_What you will do_. From the records that follow, return exactly the lines beginning at the one that contains "- IDE:Obsidian 用作前端查看原始数据、编译后的 wiki 和可视化" and ending at the one that contains "Avec une nouvelle", pictures left out.

_Source material_.
▬▬▬

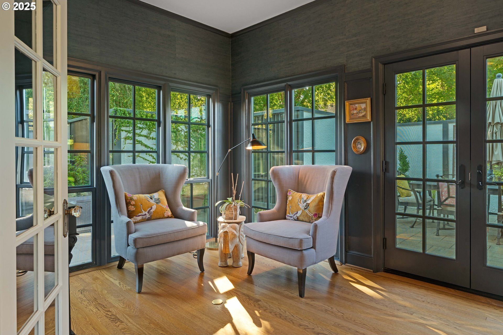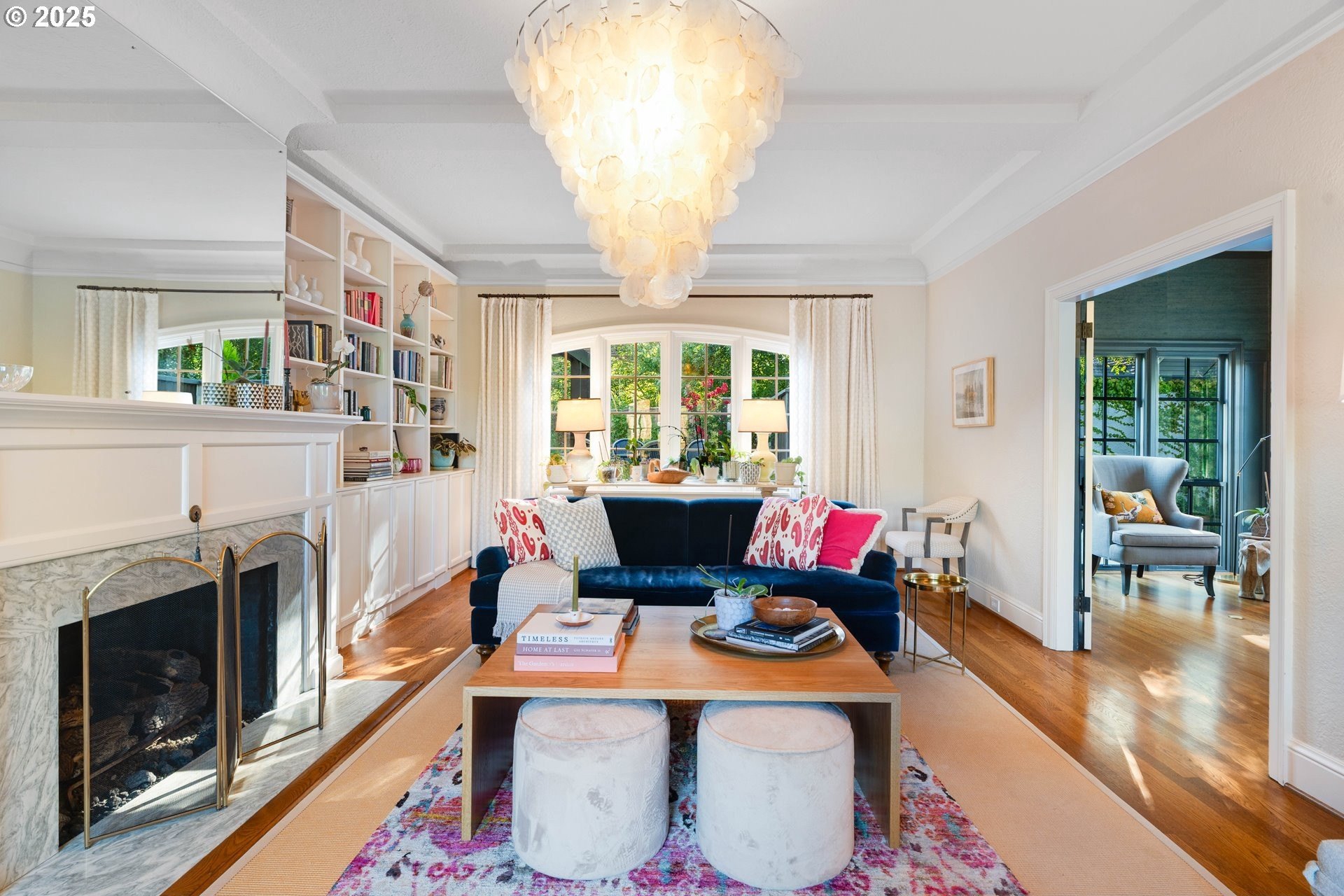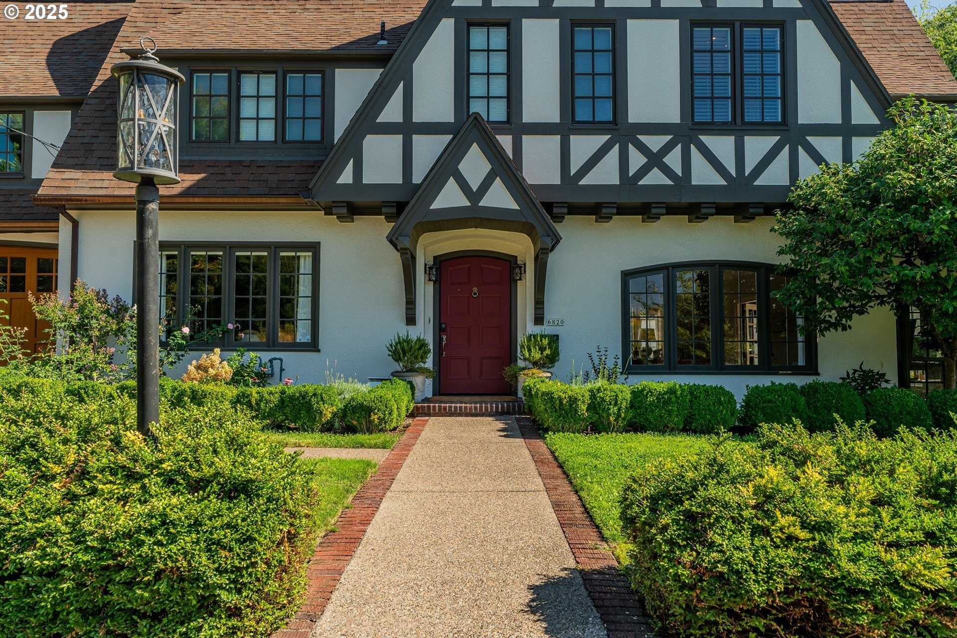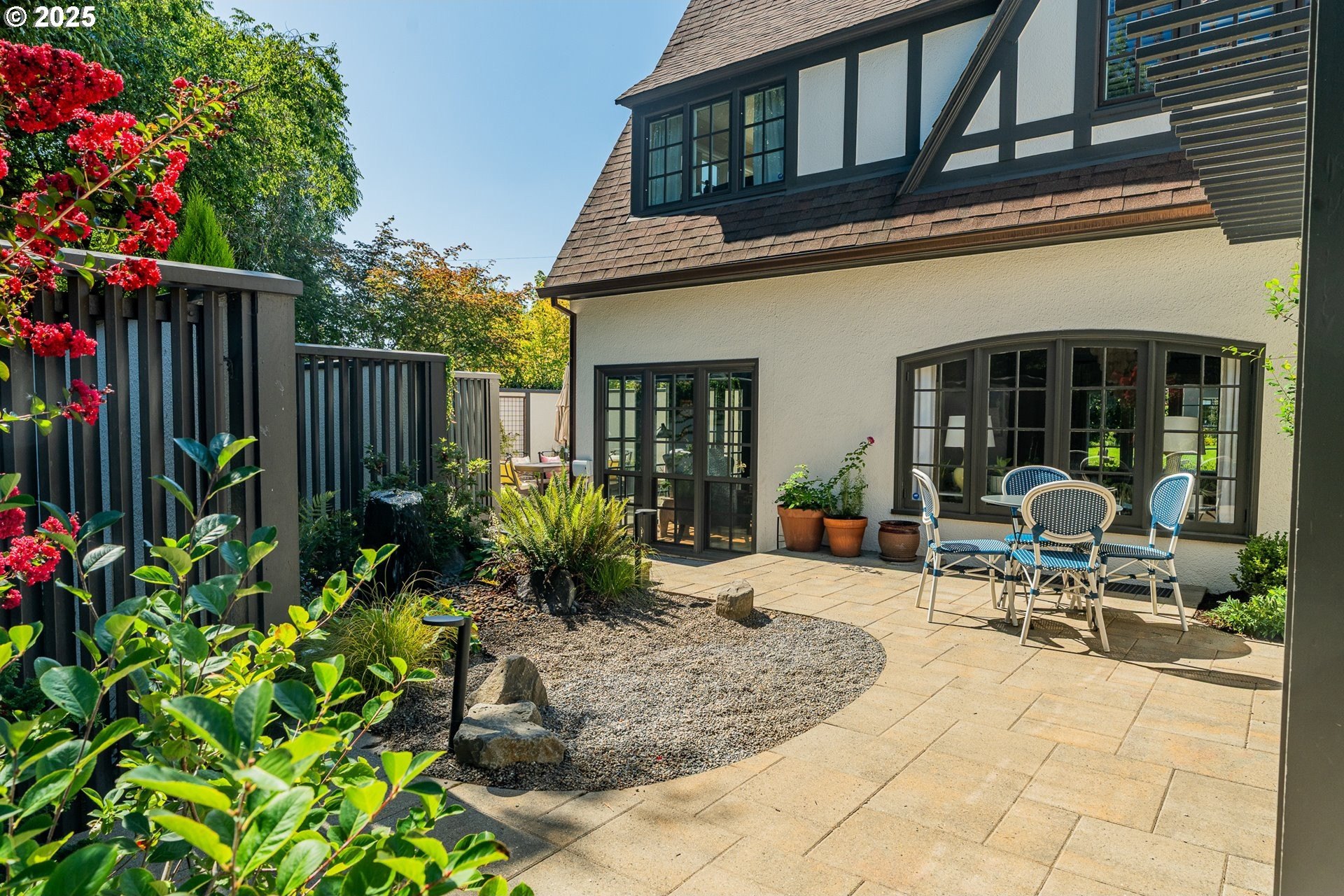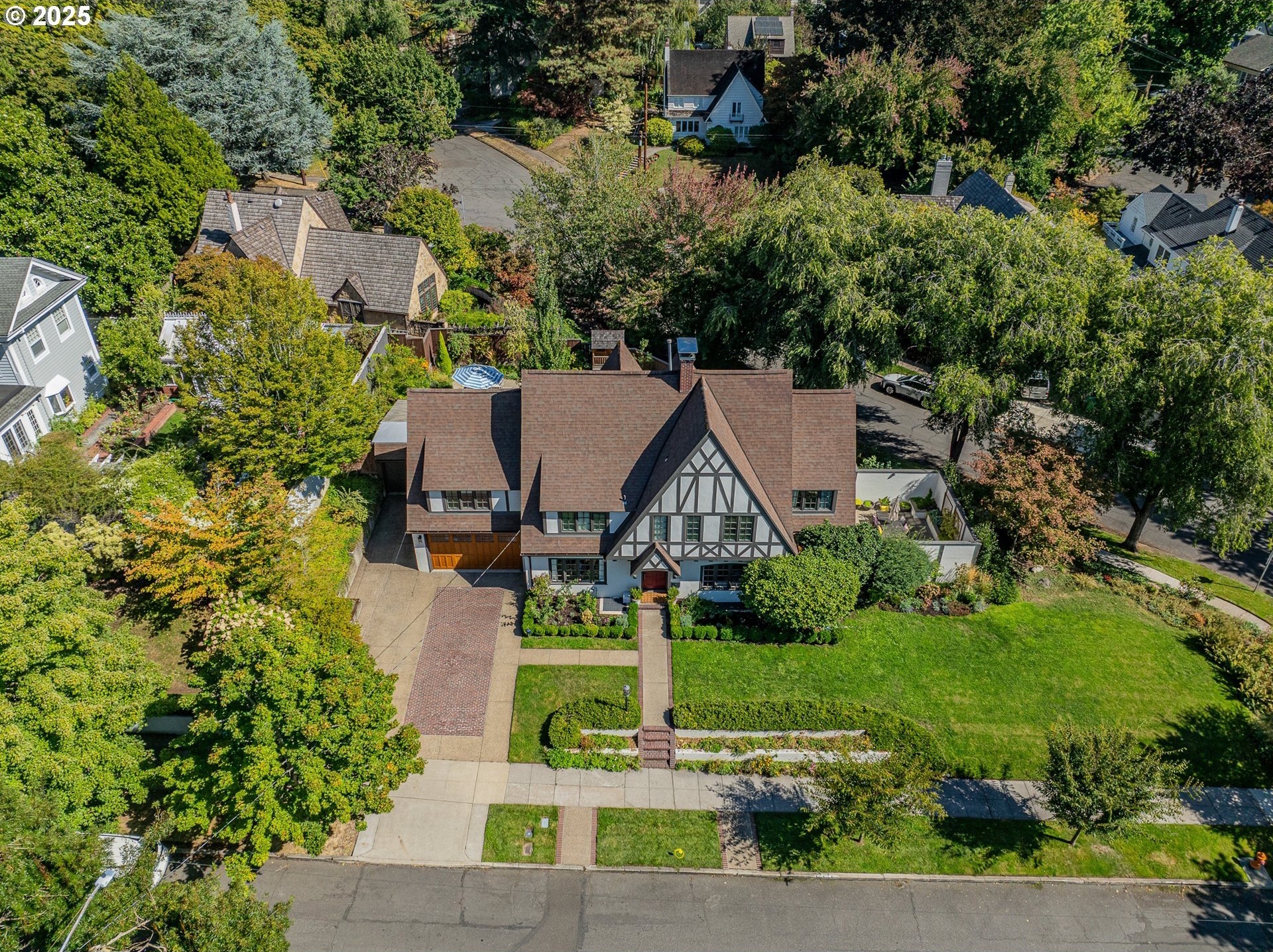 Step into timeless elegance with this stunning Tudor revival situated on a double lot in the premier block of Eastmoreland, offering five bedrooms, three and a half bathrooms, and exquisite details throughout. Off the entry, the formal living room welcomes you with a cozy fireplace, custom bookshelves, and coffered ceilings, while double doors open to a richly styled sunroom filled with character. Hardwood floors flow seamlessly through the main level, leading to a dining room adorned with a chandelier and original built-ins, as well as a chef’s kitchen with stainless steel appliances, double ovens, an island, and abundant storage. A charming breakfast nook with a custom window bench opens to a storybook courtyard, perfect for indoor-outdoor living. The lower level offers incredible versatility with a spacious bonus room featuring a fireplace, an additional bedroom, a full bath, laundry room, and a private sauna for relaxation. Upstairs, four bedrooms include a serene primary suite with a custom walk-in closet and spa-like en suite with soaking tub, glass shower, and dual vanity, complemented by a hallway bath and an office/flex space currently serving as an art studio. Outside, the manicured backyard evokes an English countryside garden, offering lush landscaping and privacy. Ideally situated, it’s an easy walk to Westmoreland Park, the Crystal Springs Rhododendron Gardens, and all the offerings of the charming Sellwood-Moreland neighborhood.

▬▬▬

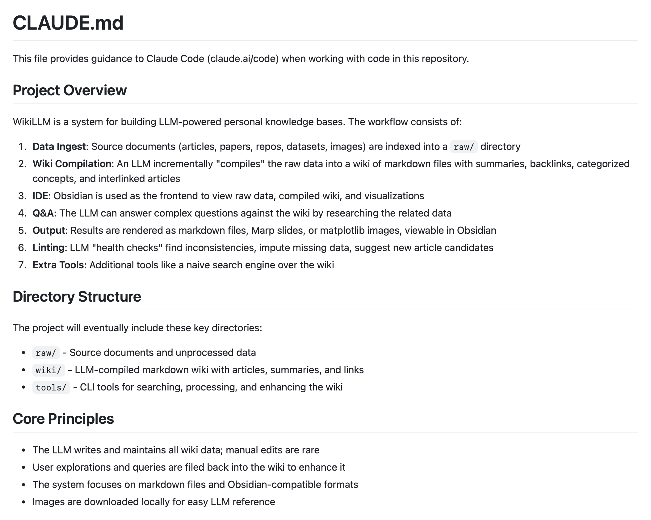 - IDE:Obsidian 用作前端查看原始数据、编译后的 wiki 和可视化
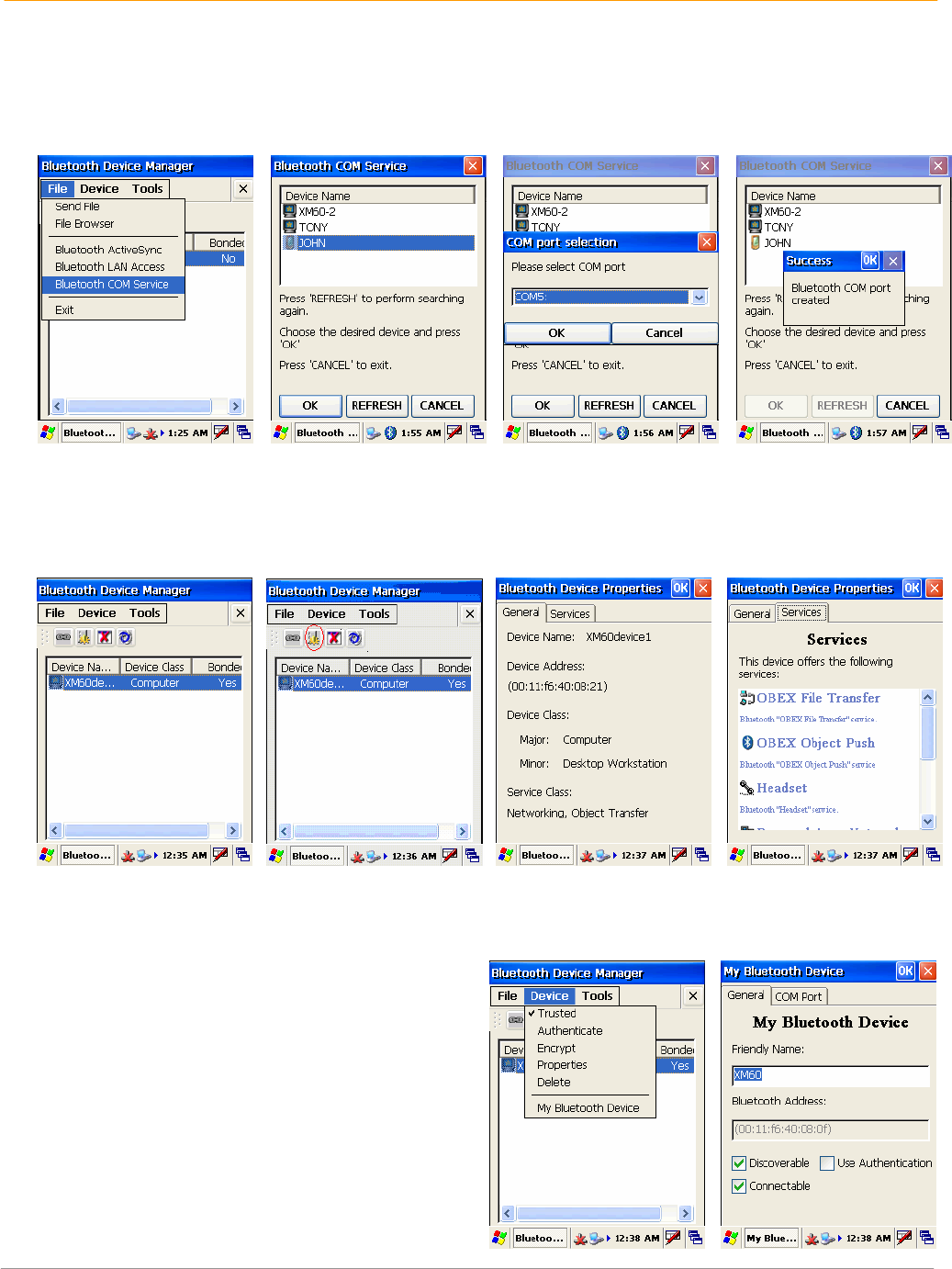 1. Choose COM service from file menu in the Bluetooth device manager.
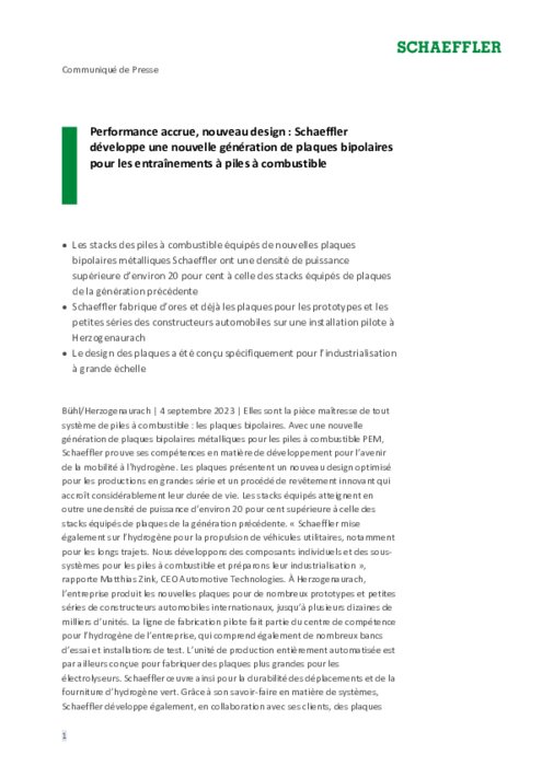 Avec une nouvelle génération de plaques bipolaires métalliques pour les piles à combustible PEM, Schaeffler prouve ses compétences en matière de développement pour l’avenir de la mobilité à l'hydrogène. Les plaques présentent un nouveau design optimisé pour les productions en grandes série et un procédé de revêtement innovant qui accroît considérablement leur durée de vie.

▬▬▬

_Result for this task_.
 - IDE:Obsidian 用作前端查看原始数据、编译后的 wiki 和可视化
 1. Choose COM service from file menu in the Bluetooth device manager.
 Avec une nouvelle génération de plaques bipolaires métalliques pour les piles à combustible PEM, Schaeffler prouve ses compétences en matière de développement pour l’avenir de la mobilité à l'hydrogène. Les plaques présentent un nouveau design optimisé pour les productions en grandes série et un procédé de revêtement innovant qui accroît considérablement leur durée de vie.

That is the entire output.